News Story — Bowers Solicitors

Where we are with the new Children and Families Act 2014

By Zach Esdaile 1 year ago


The new law for special educational needs was introduced through the Children’s and Families Act 2014. This law was introduced after alarm was raised that the previous law threatened to reduce the rights of parents. The new law offered parents, carers and young people more opportunities to express their own views and make some choices about what happens to them or to the children under their care.
Previously, until September 2014, parents, carers and young people could choose whether they either wanted to be assessed for an Educational Health and Care (EHC) plan or a statement of special educational needs (SEN). The change in the law meant that children with significant special educational needs will be assessed for an EHC plan unless the parents, carers or the young person opt out of the new system. The assessment will lead to an EHC plan in place of a statement of SEN.
One of the effects of this provision has been the steady increase in the number of children and young people with statements and EHC plans, although that figure has been rising since 2010 for various reasons, one of which is the increased awareness amongst parents and carers of their rights when it comes to children with SEN.
There were 175,233 children and young people with statutory EHC plans and 112,057 children and young people with SEN maintained by local authorities as at January 2017. This gives a combined total of 287,290, an increase of 30,975 (12.1%) from 256,315 as at January 2016.
Children and young people who already have a SEN will not need to apply for an assessment for an EHC plan because the legal test for when a child or young person requires an EHC plan is still the same as that for a statement. Children and young people with special educational needs and with a Statement of SEN under the previous system will be expected to transfer to an EHC plan except in circumstances where their needs have changed and they no longer require a statement. To transfer to the new system, local authorities must conduct a ‘transfer review’ which involves an EHC needs assessment. If there is already an existing assessment in place, the local authority will not need to seek further assessments.
From 1 September 2014 to 1 April 2018, during the transition, local authorities are required to comply with Part IV of the Education Act 1996 in relation to children and young people with statements.
Both the EHC plan and the Statement are protected in law. Although statements had a standard format that was prescribed by law, the Government now allows each local authority to decide on their own formats for ECC plans. The Government however continues to retain control over its content.
If a child or young person is given SEN Support but has been identified as requiring additional support, the parents, carers, school or the young person can make a request to the local authority for an EHC needs assessment to be carried out if the child or young person fails to progress at the additional support stage,. This would be with a view to the child being placed on an EHC plan.
The purpose of an EHC plan is to make special educational arrangements to meet the SEN of the child or young person and to ensure that the best possible outcome is secured for them in education, health and social care and to prepare them for adulthood as they grow older.
An EHC plan has legal backing and the support detailed in the plan must be provided. These plans can be put in place for children or young people between the ages of 0-25. Young people aged 18-25 with an EHC plan will be expected to have their needs reviewed at least annually to ensure they are receiving the right level of support throughout the areas of education, health and social care.
From 1 September 2014, all local authorities are required to publish a detailed summary of the services available to support children and young people with SEN and disabilities named the Local Offer. This offer is expected to include services for education, health and social care and should also cover information about services available in surrounding boroughs.
If an EHC plan is made and the parents, carers or young person have concerns with regards to what is contained in the plan, they have the right to appeal to the First Tier Tribunal (Special Educational Needs and Disability). For Wales, information can be obtained in the Special Educational Tribunal for Wales.
An appeal can be made on the basis of the local authorities’:
• refusing to carry out an Education, Health and Care needs assessment or reassessment.

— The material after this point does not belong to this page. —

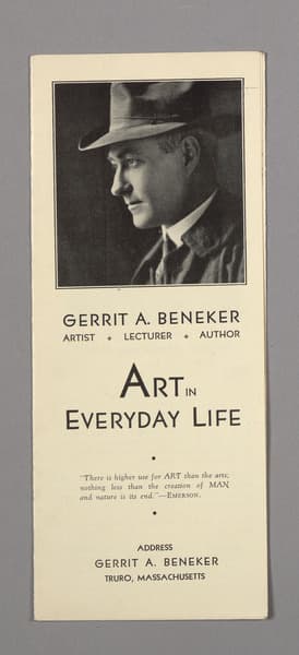One flyer entitled Arts and Crafts at the Chautauqua Summer Schools, published by Chautauqua Institution, Chautauqua, New York, 1930. This 8-page (a single sheet folded into fourths) brochure advertises various summer classes offered by the Chautauqua School of Arts and Crafts. The classes offered fall under three broad categories: Art Education, Industrial Arts, and Practical Craft Courses. The dates of this particular summer program are July 7-August 15, 1930. This brochure is accompanied by a mailing envelope addressed to "Miss Mabel Spofford, Winchester Arms, Gloucester, Mass."

• refusing to issue a Education, Health and Care Plan.

• refusing to amend an Education, Health and Care Plan after a reassessment or annual review has been carried out.

• has issued an Education, Health and Care Plan but the parents or young person disagrees with the details contained in:
o Part B - a child's SEN
o Part F - a child's provision to meet their SEN
o Part I - The educational establishment named in the Plan.
• decision to cease to maintain a child's Education, Health and Care Plan.